Cardiomyocytes were identified by cardiac Troponin I (cTnI) staining and analysed by immunofluorescence for DNA synthesis (BrdU incorporation assay). White arrows point to proliferating cardiomyocytes; scale bars 50 μm.
Extended Data Fig. 2 Corticosterone impairs phenotypic changes induced by caERBB2 expression.
(a) Analysis of the efficacy of lipofectamine-mediated modRNA transfection of postnatal day 1 (P1) cardiomyocytes cultured in vitro. Cardiomyocytes were identified by cardiac Troponin T (cTnT) staining and transfection was assessed through eGFP expression 24 h after modRNA delivery.

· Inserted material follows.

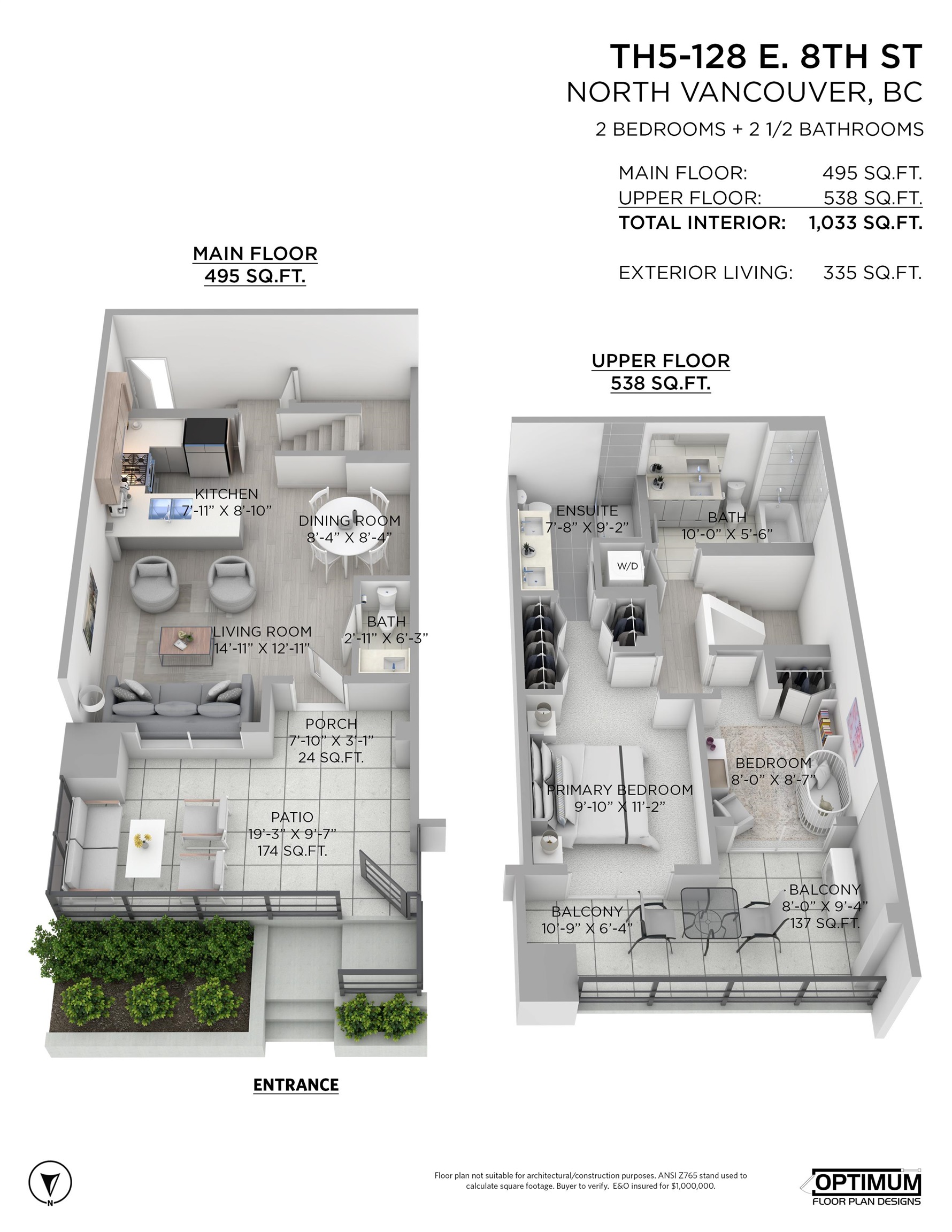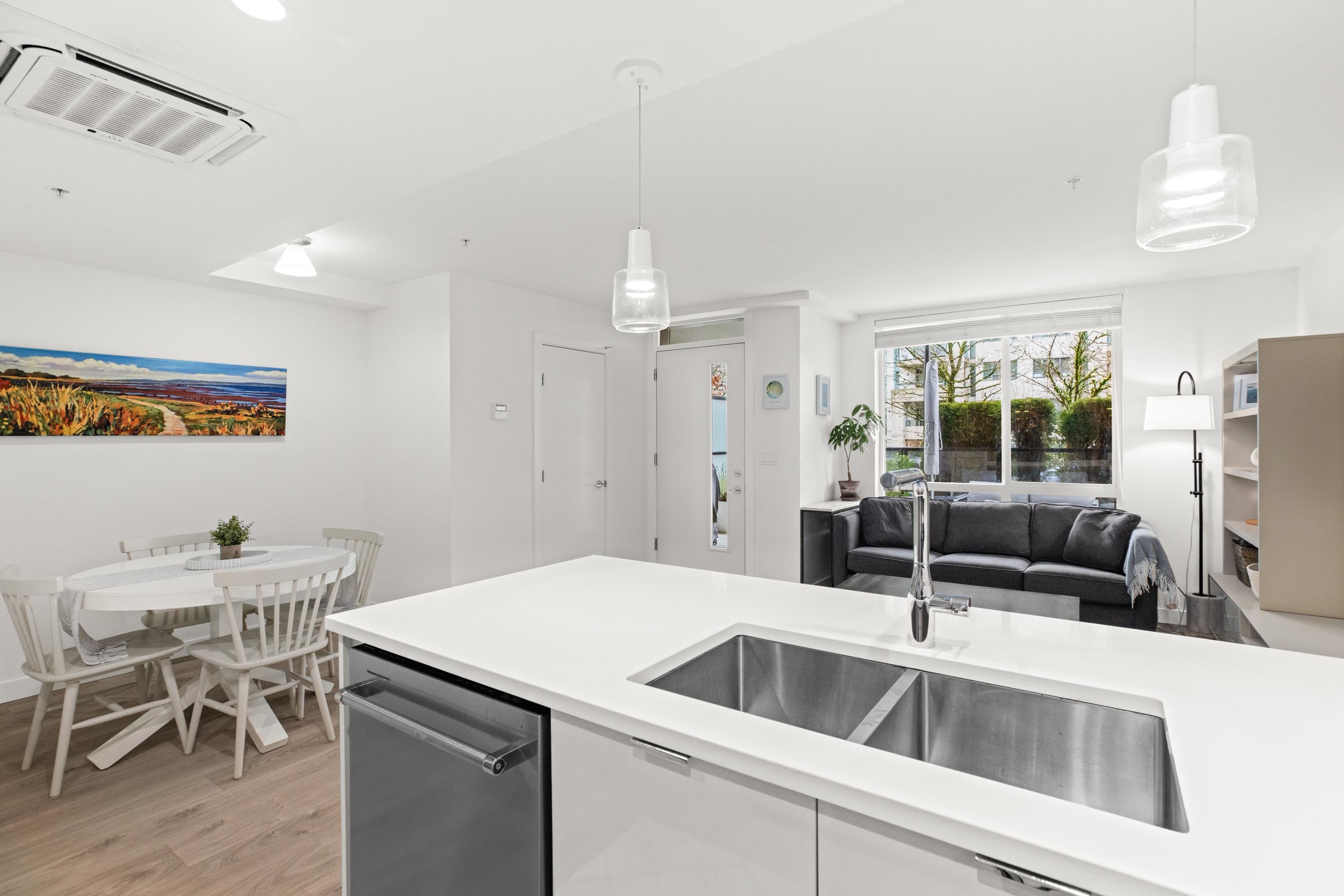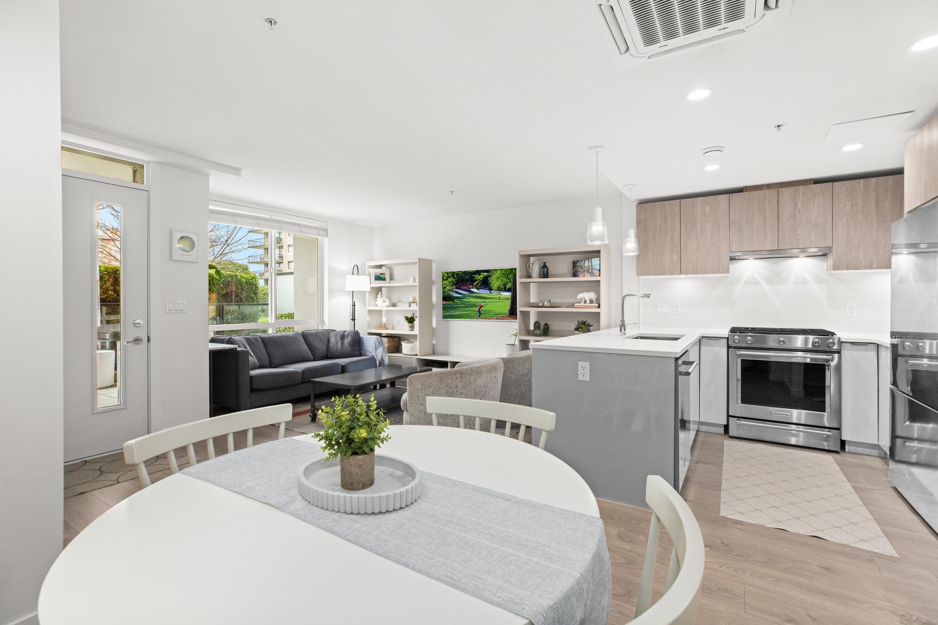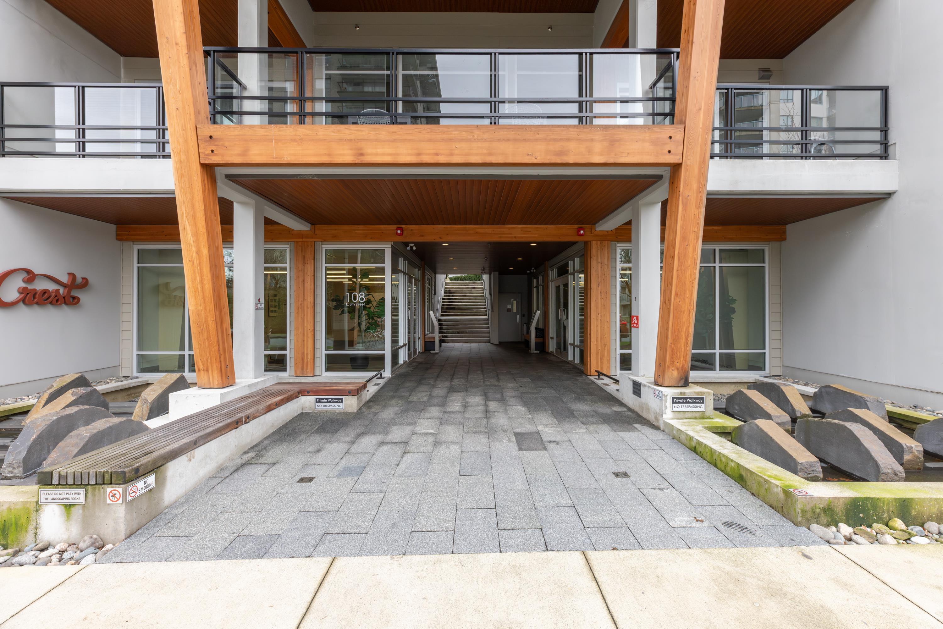 Garden level townhome at 'The Crest' by Adera. This well-laid-out, two-level concrete home features a great layout and design, offering over 1,000 sq. ft. of interior space, 2 bedrooms, 3 bathrooms, two generously sized, south-facing patios, and air conditioning throughout. Located on a dead-end street on the 'Crest' of Lonsdale - a short stroll to Lower Lonsdale and steps from plenty of shops and restaurants. This 5 year old complex is well built and well managed; it also includes a beautiful social lounge...
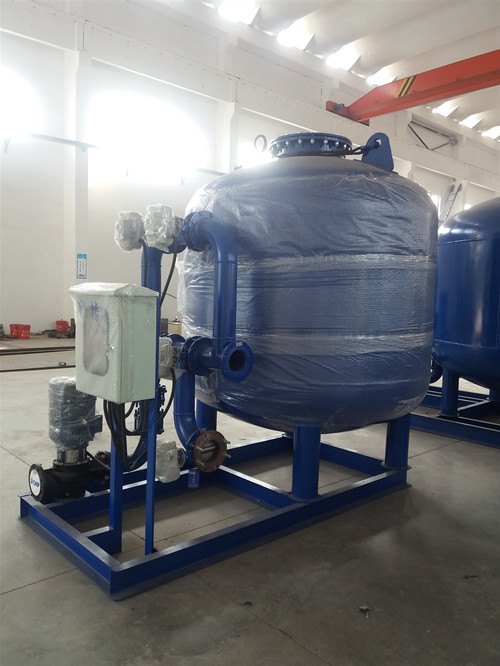 石英砂过滤器是一种压力式过滤器,利用过滤器内所填充的精制石英砂滤料,当进水自上而下流经滤层时,水中的悬浮物及粘胶质颗粒被去除,从而使水的浊度降低。

A representative figure is provided; scale bar 50 μm; (b-c) Subdivision of Ki67+ postnatal day 1 cardiomyocytes analysed in Fig. 1g into mononucleated (b) and binucleated (c) cells; (d-e) Analysis of area (d) and Troponin T intensity (e) of postnatal day 1 (P1) cardiomyocytes cultured in vitro and transfected for 48 h with a modRNA encoding a constitutively active isoform of ERBB2 (caERBB2) together with corticosterone (CORT, 10−8 M). Cardiomyocytes were identified by cardiac Troponin T (cTnT) staining. Details on the number of replicates and experiments for each panel are provided in Supplementary Table 2. The values are presented as mean (error bars show standard deviation), statistical significance was determined using one-way ANOVA followed by Sidak’s test in (b), (c), (d), and (e) (comparison between pairs of treatments).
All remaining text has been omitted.